──────── Given information ────────

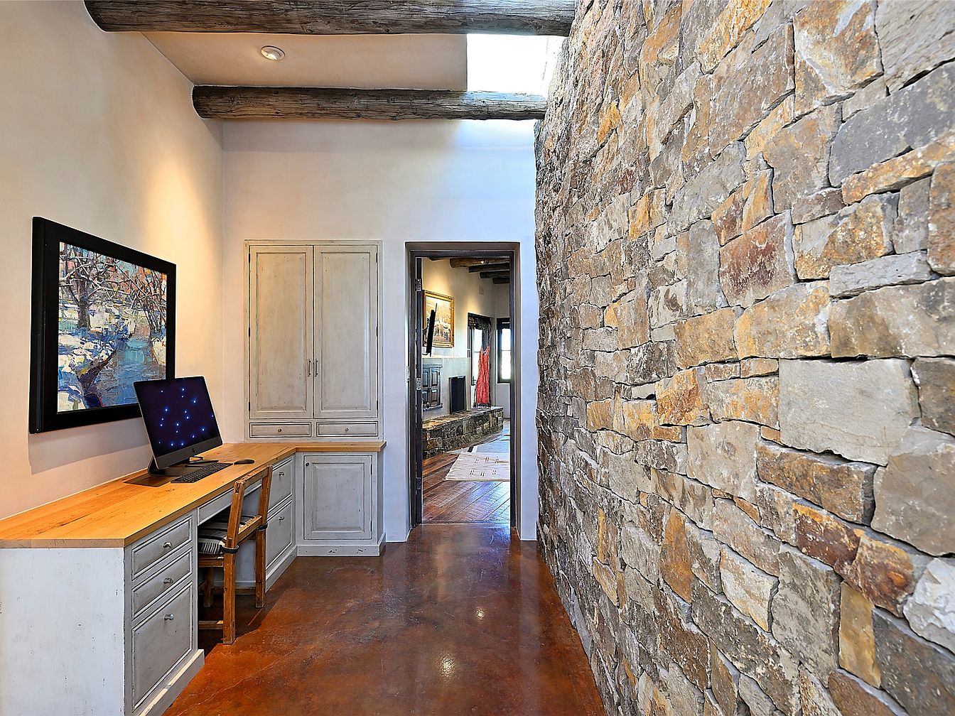 An inviting hallway featuring a charming built-in workspace with a reclaimed wood desk and storage cabinets, providing a functional family-friendly area for work or study. The space is defined by its striking architectural details including exposed log ceiling beams, a rustic stone accent wall, and rich, polished concrete floors. Muted, earthy tones throughout the cabinetry and stonework deliver a warm, Southwestern-inspired aesthetic. Natural light from a skylight enhances the cozy yet practical atmosphere. A framed nature painting above the desk adds a personal touch, creating an inspiring corner that blends seamlessly with the rest of the home’s open layout.
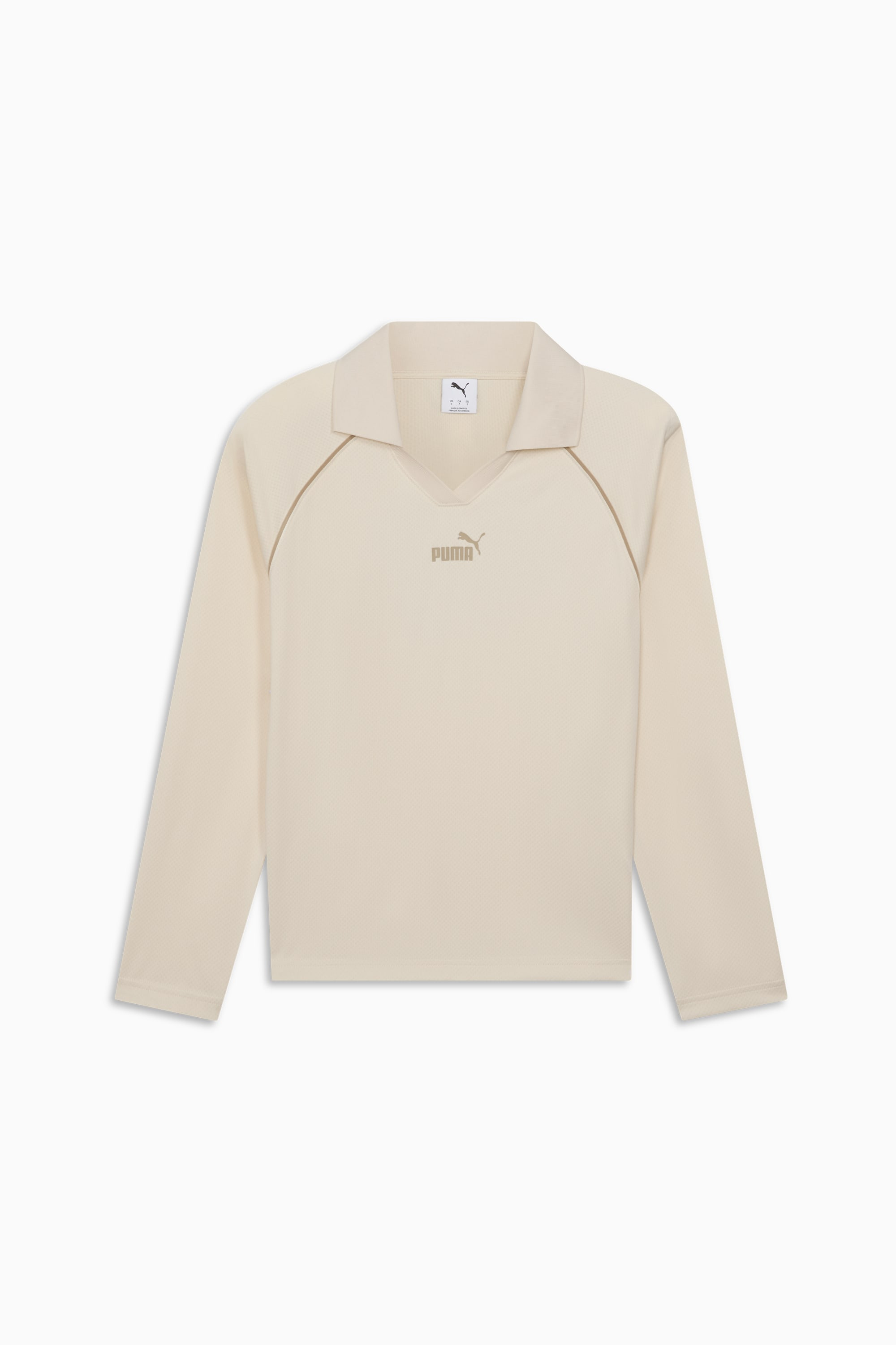 PRODUCT STORY Go bold with jacquard texture and a collared neckline for effortless charm. Designed with dryCELL technology to keep you cool and comfortable during busy days or casual meetups. This relaxed-fit long sleeve delivers PUMA's signature energy to every moment. Perfect for upgrading your wardrobe with ease. FEATURES & BENEFITS - Made with at least 90% recycled materials - dryCELL: Performance technology designed to wick moisture from the body and keep you free of sweat during exercise DETAILS - Style: 690336_87 - Color: Alpine Snow - Fit: Comfort - Main Material: Double face jacquard - V-Neck - Long sleeves MATERIAL INFORMATION - Shell: 100% polyester - Collar: 97% polyester, 3% elastane
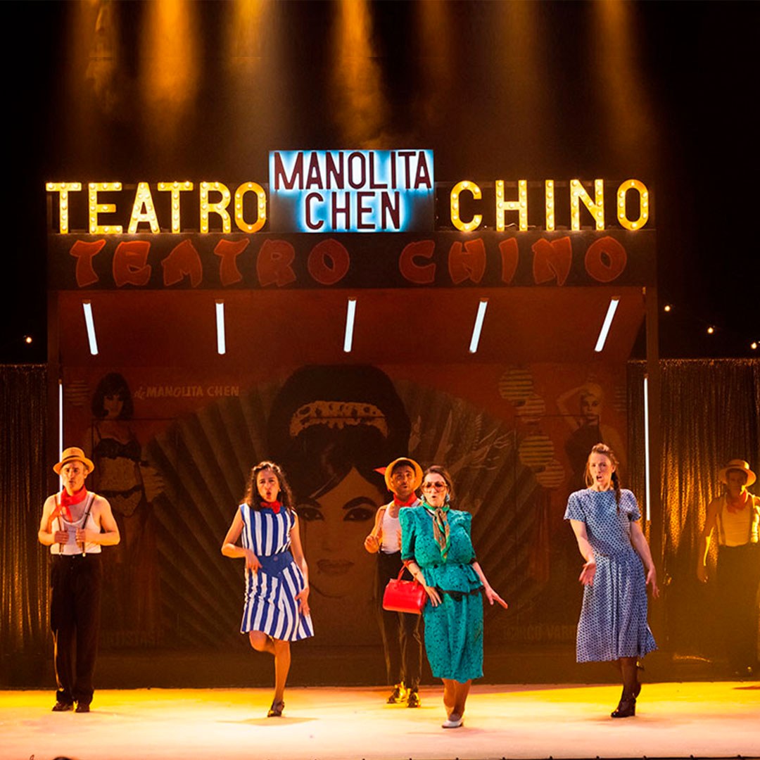 Esta creación, dirigida por el ya citado Troncoso, es una pieza biográfica coral en la que se hace un repaso por la vida y obra de Manolita Chen. Desde sus orígenes, en un cuerpo de baile en el Price, hasta su última faceta como empresaria en hostelería; sin olvidar su historia de amor con Chen Ping. Todo ello contado de manera magistral utilizando el método del recuerdo en el que es la propia protagonista la que se dirige al público y se ve asaltada por todas las memorias que formaron su vida en el espectáculo. Pero, a la vez que vive este hecho, el espectador realiza un viaje a la España de la dictadura y descubre lo dura que era la censura o las rifas con las que hacía, si cabe, más atractivo el fenómeno de los teatros portátiles. Un viaje lleno de luces y de sombras que habla de un trabajo muy bien hecho con una gran labor de investigación atrás que es para quitarse el sombrero.
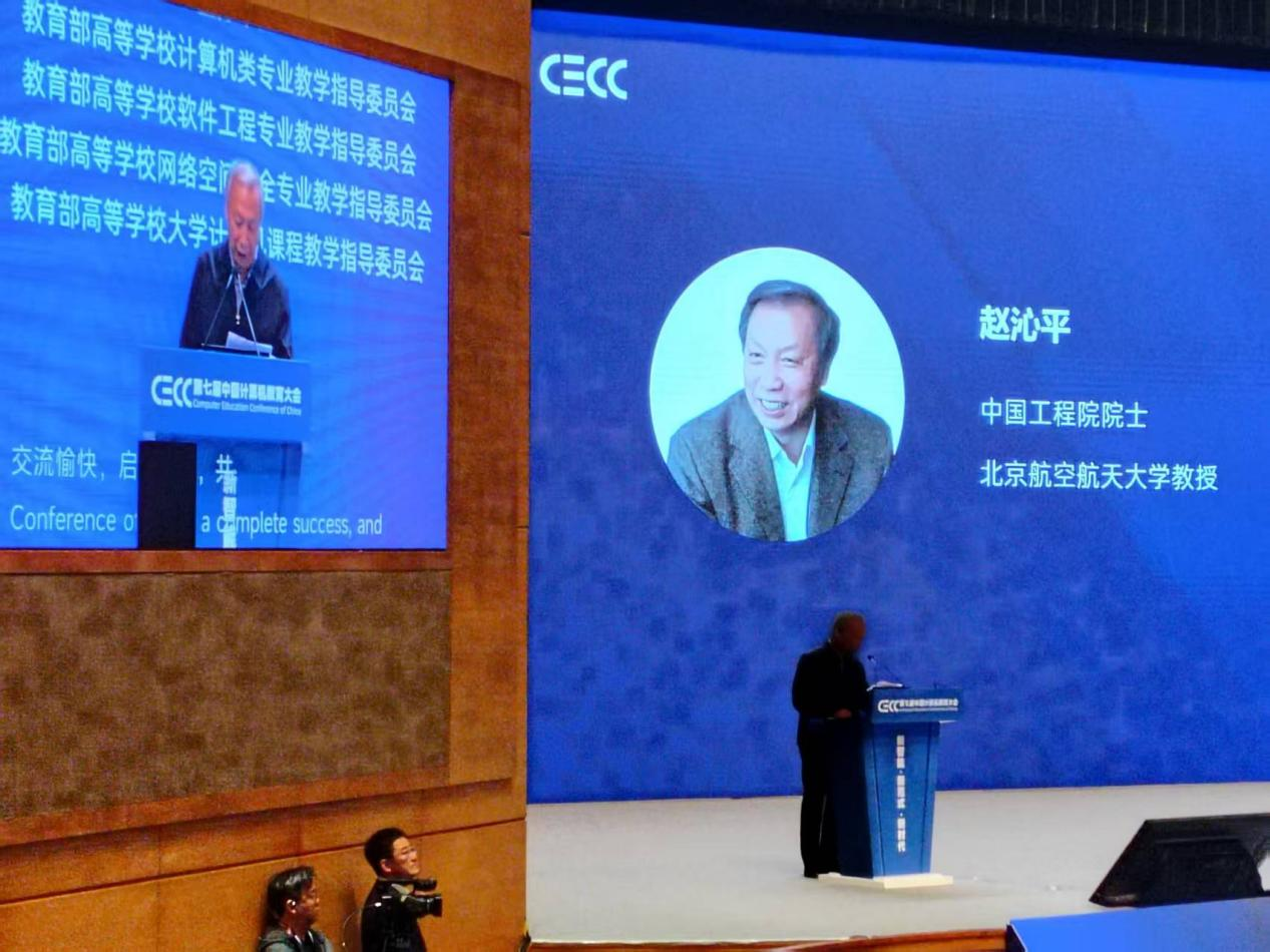 大会开幕式上,教育部领导、中国工程院院士赵沁平、吴建平等嘉宾先后致辞,强调了人工智能时代计算机教育的重要性与紧迫性。美国康奈尔大学名誉教授John Hopcroft、中国工程院院士何友、中国科学院院士王小云等专家分别作了精彩的主题报告,围绕“Proj 101: Improving University Education in China”、“AI 赋能智慧教育”、“密码技术与人工智能安全”等前沿议题分享了真知灼见。这些报告与KY开元集团官网入口新E代数智未来产业学院和信息工程学院“以产业需求为导向,培养应用型技术人才”的办学理念高度契合。
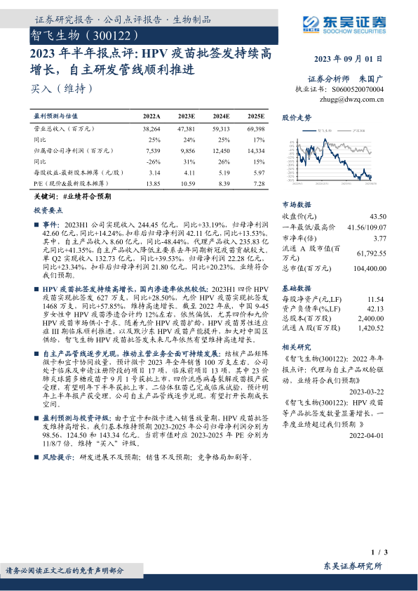 2023年半年报点评:HPV疫苗批签发持续高增长,自主研发管线顺利推进
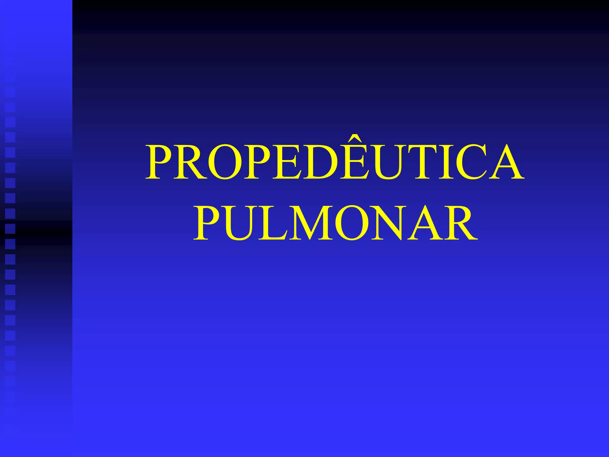 O documento descreve os principais pontos da propedêutica pulmonar, incluindo a inspeção estática e dinâmica do tórax, palpação, percusão e ausculta pulmonar. Detalha as divisões anatômicas do tórax, alterações morfológicas, tipos respiratórios, frêmitos, sons pulmonares na percusão e ruídos adventícios auscultados.

────────

◆ **What you need to do**: Pictures stay out of this copy; write out the entries above exactly.

◆ **Exercise answer**:
 An inviting hallway featuring a charming built-in workspace with a reclaimed wood desk and storage cabinets, providing a functional family-friendly area for work or study. The space is defined by its striking architectural details including exposed log ceiling beams, a rustic stone accent wall, and rich, polished concrete floors. Muted, earthy tones throughout the cabinetry and stonework deliver a warm, Southwestern-inspired aesthetic. Natural light from a skylight enhances the cozy yet practical atmosphere. A framed nature painting above the desk adds a personal touch, creating an inspiring corner that blends seamlessly with the rest of the home’s open layout.
 PRODUCT STORY Go bold with jacquard texture and a collared neckline for effortless charm. Designed with dryCELL technology to keep you cool and comfortable during busy days or casual meetups. This relaxed-fit long sleeve delivers PUMA's signature energy to every moment. Perfect for upgrading your wardrobe with ease. FEATURES & BENEFITS - Made with at least 90% recycled materials - dryCELL: Performance technology designed to wick moisture from the body and keep you free of sweat during exercise DETAILS - Style: 690336_87 - Color: Alpine Snow - Fit: Comfort - Main Material: Double face jacquard - V-Neck - Long sleeves MATERIAL INFORMATION - Shell: 100% polyester - Collar: 97% polyester, 3% elastane
 Esta creación, dirigida por el ya citado Troncoso, es una pieza biográfica coral en la que se hace un repaso por la vida y obra de Manolita Chen. Desde sus orígenes, en un cuerpo de baile en el Price, hasta su última faceta como empresaria en hostelería; sin olvidar su historia de amor con Chen Ping. Todo ello contado de manera magistral utilizando el método del recuerdo en el que es la propia protagonista la que se dirige al público y se ve asaltada por todas las memorias que formaron su vida en el espectáculo. Pero, a la vez que vive este hecho, el espectador realiza un viaje a la España de la dictadura y descubre lo dura que era la censura o las rifas con las que hacía, si cabe, más atractivo el fenómeno de los teatros portátiles. Un viaje lleno de luces y de sombras que habla de un trabajo muy bien hecho con una gran labor de investigación atrás que es para quitarse el sombrero.
 大会开幕式上,教育部领导、中国工程院院士赵沁平、吴建平等嘉宾先后致辞,强调了人工智能时代计算机教育的重要性与紧迫性。美国康奈尔大学名誉教授John Hopcroft、中国工程院院士何友、中国科学院院士王小云等专家分别作了精彩的主题报告,围绕“Proj 101: Improving University Education in China”、“AI 赋能智慧教育”、“密码技术与人工智能安全”等前沿议题分享了真知灼见。这些报告与KY开元集团官网入口新E代数智未来产业学院和信息工程学院“以产业需求为导向,培养应用型技术人才”的办学理念高度契合。
 2023年半年报点评:HPV疫苗批签发持续高增长,自主研发管线顺利推进
 O documento descreve os principais pontos da propedêutica pulmonar, incluindo a inspeção estática e dinâmica do tórax, palpação, percusão e ausculta pulmonar. Detalha as divisões anatômicas do tórax, alterações morfológicas, tipos respiratórios, frêmitos, sons pulmonares na percusão e ruídos adventícios auscultados.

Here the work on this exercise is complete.